***** DATA BELOW *****
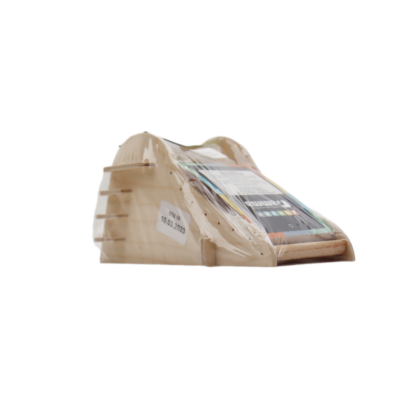Деревянный домик-горка для мелких грызунов: крыс, мышей, джунгариков, хомячков, песчанок и т. д. По ассиметричной лестнице зверек может легко забираться наверх и спускаться вниз, а небольшие торцевые окошки являются дополнительными элементами для игры. Эта модель прослужит грызуну очень долго, т. к. изготовлена из высококачественных материалов. С такой лестницей можно не только подвигаться, но и поточить об нее свои зубки. Изделие выполнено без окрашивания, поэтому его легко можно раскрасить или декорировать на свой вкус. Габаритные размеры конструкции 21х10,5х10,5 см отлично подходят для клеток небольших размеров.
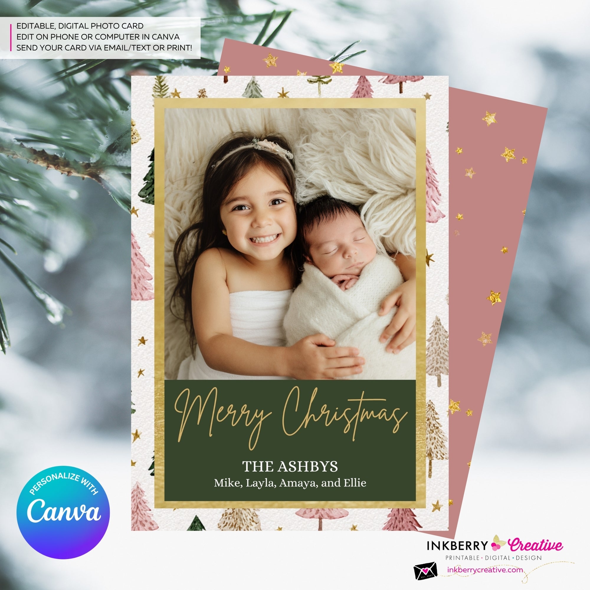 Boho Painted Trees & Stars Christmas Photo Card, Family Holiday Photo Card, Custom Colors, Email Christmas Card, Editable in Canva
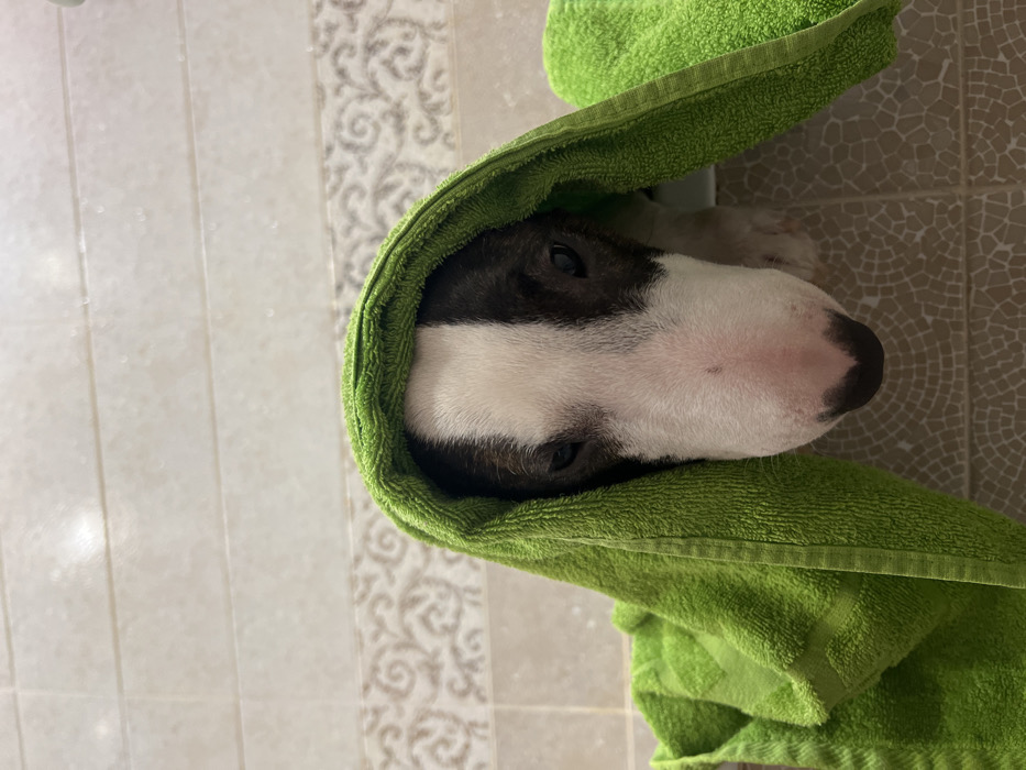 The image displays a Bull Terrier dog, predominantly white with distinct black markings surrounding both eyes and extending to one side of its head. The dog is directly facing the camera, with its head and upper body enveloped in a vibrant green terrycloth towel, creating a hooded effect. Its eyes appear partially closed, conveying a subdued or weary expression. The immediate background consists of light-colored, rectangular wall tiles, possibly cream or beige, featuring a decorative patterned frieze running horizontally. Below the dog's head, a tiled surface, likely the floor, is visible, composed of smaller, darker, possibly mosaic-style tiles. The scene takes place in an indoor environment, consistent with a bathroom, purportedly located in Izhevsk, Russia.
*****
■ TO DO ■
Please reproduce the lines above from the one containing "Boho Painted Trees" through the final line, exactly and inclusively, leaving out each picture.

■ RESPONSE TO THE EXERCISE ■
 Boho Painted Trees & Stars Christmas Photo Card, Family Holiday Photo Card, Custom Colors, Email Christmas Card, Editable in Canva
 The image displays a Bull Terrier dog, predominantly white with distinct black markings surrounding both eyes and extending to one side of its head. The dog is directly facing the camera, with its head and upper body enveloped in a vibrant green terrycloth towel, creating a hooded effect. Its eyes appear partially closed, conveying a subdued or weary expression. The immediate background consists of light-colored, rectangular wall tiles, possibly cream or beige, featuring a decorative patterned frieze running horizontally. Below the dog's head, a tiled surface, likely the floor, is visible, composed of smaller, darker, possibly mosaic-style tiles. The scene takes place in an indoor environment, consistent with a bathroom, purportedly located in Izhevsk, Russia.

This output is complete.